··· EXERCISE INPUT ···
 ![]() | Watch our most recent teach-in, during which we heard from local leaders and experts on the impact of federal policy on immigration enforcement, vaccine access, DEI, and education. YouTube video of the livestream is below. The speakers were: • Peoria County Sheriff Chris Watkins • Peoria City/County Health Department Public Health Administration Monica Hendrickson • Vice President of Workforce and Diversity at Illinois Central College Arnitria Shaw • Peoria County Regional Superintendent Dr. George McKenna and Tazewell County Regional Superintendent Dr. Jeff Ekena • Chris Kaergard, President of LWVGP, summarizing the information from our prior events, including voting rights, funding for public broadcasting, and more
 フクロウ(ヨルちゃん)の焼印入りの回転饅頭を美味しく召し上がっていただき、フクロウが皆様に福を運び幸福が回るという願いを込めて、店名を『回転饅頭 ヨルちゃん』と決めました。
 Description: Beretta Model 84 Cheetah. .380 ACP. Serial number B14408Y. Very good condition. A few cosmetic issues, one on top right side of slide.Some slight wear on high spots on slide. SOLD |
···
··· EXERCISE INPUT ···
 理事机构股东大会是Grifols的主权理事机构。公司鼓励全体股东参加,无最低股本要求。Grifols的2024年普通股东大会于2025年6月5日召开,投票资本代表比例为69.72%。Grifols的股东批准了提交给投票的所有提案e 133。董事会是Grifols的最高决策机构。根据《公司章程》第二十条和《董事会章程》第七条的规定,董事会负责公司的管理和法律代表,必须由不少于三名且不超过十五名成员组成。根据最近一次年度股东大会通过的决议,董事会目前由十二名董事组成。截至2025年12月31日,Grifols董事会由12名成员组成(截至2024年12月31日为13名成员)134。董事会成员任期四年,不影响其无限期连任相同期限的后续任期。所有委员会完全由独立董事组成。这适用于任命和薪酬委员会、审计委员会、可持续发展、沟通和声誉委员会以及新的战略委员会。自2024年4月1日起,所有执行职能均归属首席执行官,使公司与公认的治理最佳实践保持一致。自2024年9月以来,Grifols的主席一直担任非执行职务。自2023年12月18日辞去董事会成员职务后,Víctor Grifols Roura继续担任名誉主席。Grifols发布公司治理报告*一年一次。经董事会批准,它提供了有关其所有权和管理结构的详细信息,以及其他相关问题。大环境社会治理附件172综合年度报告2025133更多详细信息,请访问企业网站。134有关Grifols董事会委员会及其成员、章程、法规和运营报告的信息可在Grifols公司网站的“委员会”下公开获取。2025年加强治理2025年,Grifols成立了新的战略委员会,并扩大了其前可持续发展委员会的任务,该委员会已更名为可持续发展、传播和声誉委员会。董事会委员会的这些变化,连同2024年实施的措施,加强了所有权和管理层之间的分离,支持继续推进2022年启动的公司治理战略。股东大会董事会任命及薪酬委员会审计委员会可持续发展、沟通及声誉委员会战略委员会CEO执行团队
···
··· EXERCISE INPUT ···
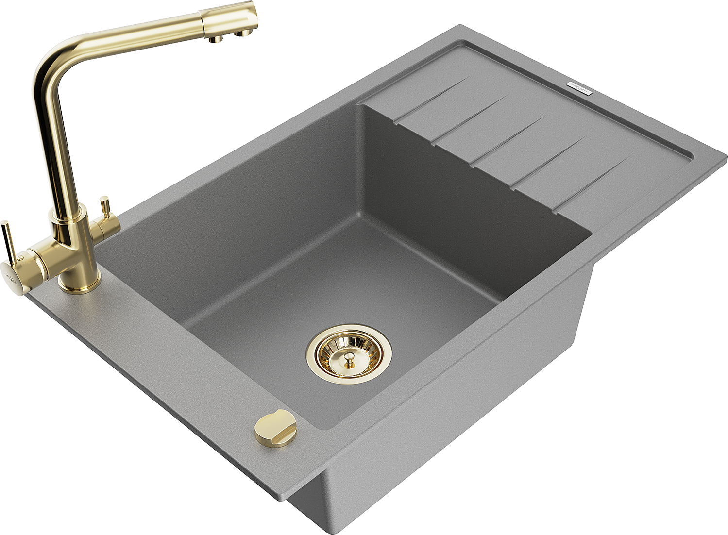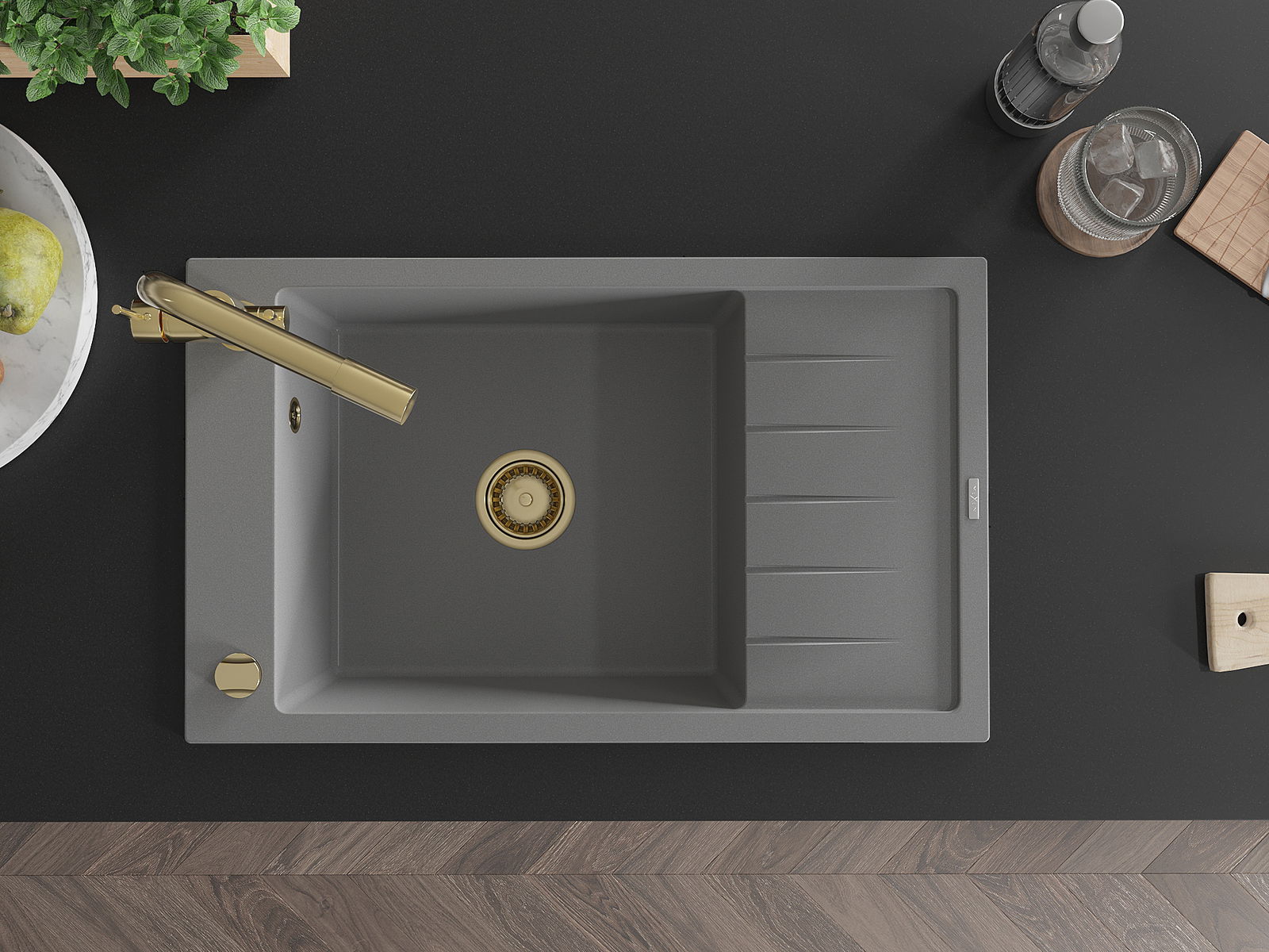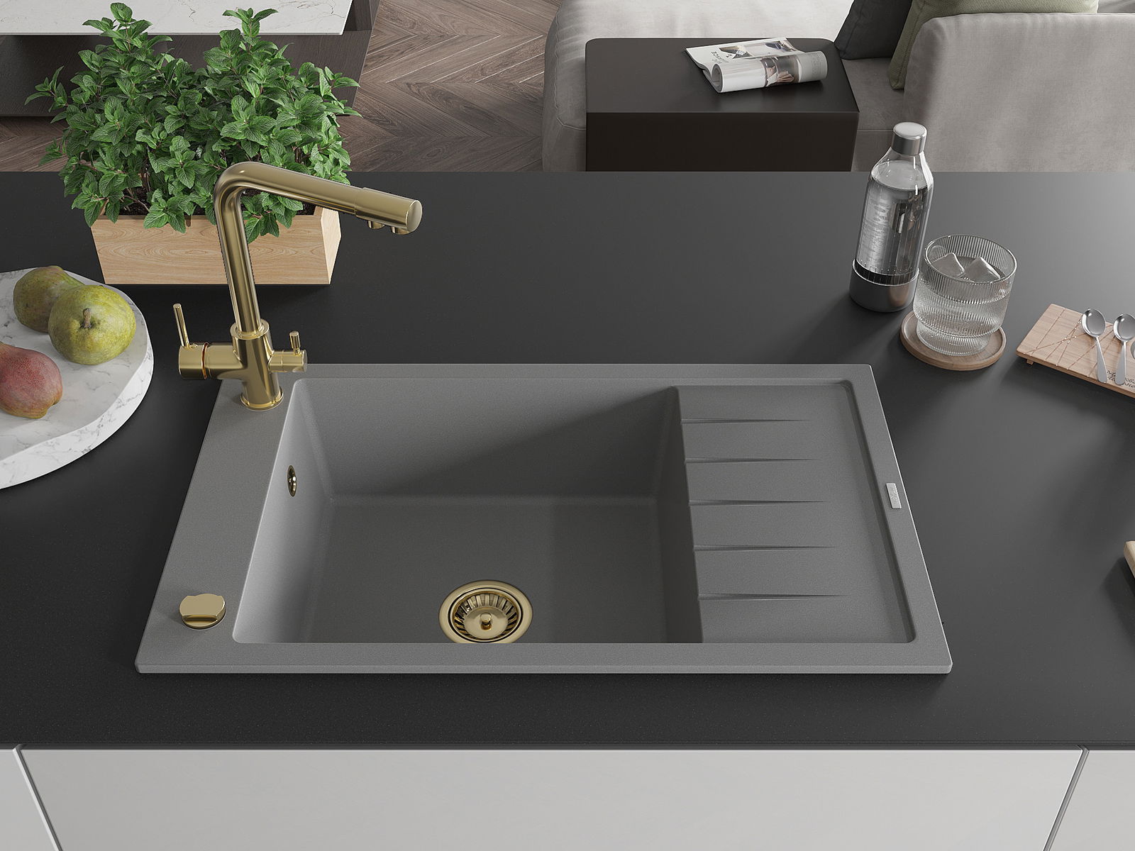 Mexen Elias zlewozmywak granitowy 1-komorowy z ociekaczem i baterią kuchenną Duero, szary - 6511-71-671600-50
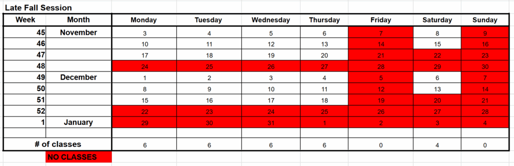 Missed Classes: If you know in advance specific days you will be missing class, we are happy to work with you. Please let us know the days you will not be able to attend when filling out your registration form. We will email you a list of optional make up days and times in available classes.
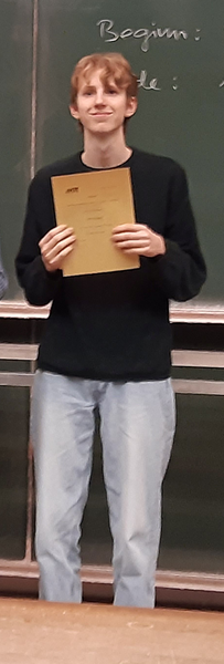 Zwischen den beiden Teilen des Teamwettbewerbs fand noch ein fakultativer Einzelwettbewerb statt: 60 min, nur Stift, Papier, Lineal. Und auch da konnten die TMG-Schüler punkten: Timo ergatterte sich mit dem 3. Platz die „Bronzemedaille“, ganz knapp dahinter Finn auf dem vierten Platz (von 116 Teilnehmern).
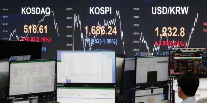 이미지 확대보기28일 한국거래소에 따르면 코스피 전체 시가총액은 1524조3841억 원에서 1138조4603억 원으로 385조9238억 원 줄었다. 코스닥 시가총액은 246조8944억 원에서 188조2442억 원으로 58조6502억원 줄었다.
···
PROMPT>
Lines wanted from the listing above: the line with "フクロウ(ヨルちゃん)の焼印" up to and including the line with "Description: Beretta Model". Please write them out exactly, adding nothing else.

WRITTEN ANSWER>
 フクロウ(ヨルちゃん)の焼印入りの回転饅頭を美味しく召し上がっていただき、フクロウが皆様に福を運び幸福が回るという願いを込めて、店名を『回転饅頭 ヨルちゃん』と決めました。
 Description: Beretta Model 84 Cheetah. .380 ACP. Serial number B14408Y. Very good condition. A few cosmetic issues, one on top right side of slide.Some slight wear on high spots on slide. SOLD |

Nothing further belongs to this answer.